As there was a delay of 382 days in filing the appeal, accordingly an application for condoning the delay had also been filed. Herein, the appellant has mainly contended that the impugned order was never served upon the appellant and that he came to know of the impugned order for the first time when Recovery Notice dated July 09, 2020 was received on July 10, 2020.
On the other hand, the respondent seriously opposed appellant's contention by stating that the impugned order was served on July 01, 2019. In support of this fact, the respondent also had annexed the acknowledgement card which showed the receipt of the impugned order by the appellant himself. In rejoinder, the appellant had disputed the signatures in the acknowledgment card and contended that the signatures were not of the appellant.

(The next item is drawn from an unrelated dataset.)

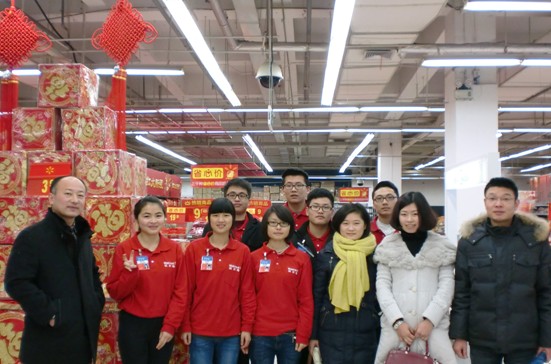 商务系刘永等老师与在沃尔玛顶岗实习同学合影

On comparison of the signatures in the acknowledgement card with the signatures given in the memorandum of the appeal, the Securities Appellate Tribunal (SAT) has found that there is a distinction in the handwriting. Accordingly, the benefit was given to the appellant and hence, the delay has been condoned.
The Tribunal has also observed that the show cause notice was duly served and the appellant sought time to file a reply but did not do so. Subsequently, the appellant failed to appear on the date fixed for hearing. The AO, after considering the material evidence on record, found that the appellant had sold 15,000 shares on December 18, 2012 and further sold 1,85,000 shares on August 18, 2013 and, on both the occasion, the appellant failed to make the disclosure to the stock exchange as well as to the company under Regulation 13(4A) read with Regulation 13(5) of the PIT Regulations and under Regulation 29(2) of the SAST Regulations.
The Appellant did not dispute this aforementioned selling of the shares. It was only contended that the appellant was not a promoter and was only a director and therefore the aforesaid provisions have no application.
On the contrary, the Tribunal has found from the impugned order that the appellant was named as a promoter and finds place in the relevant records which fact had not been controverted by the appellant since no reply was filed.
It has been elucidated that the appellant was under an obligation to make the relevant disclosures to the stock exchange as well as to the company under Regulation 13(4A) and 13(5) of the PIT Regulations. Since the disclosure was not made, there has been a violation and the AO was therefore justified in imposing a penalty of Rs. 2 lakhs.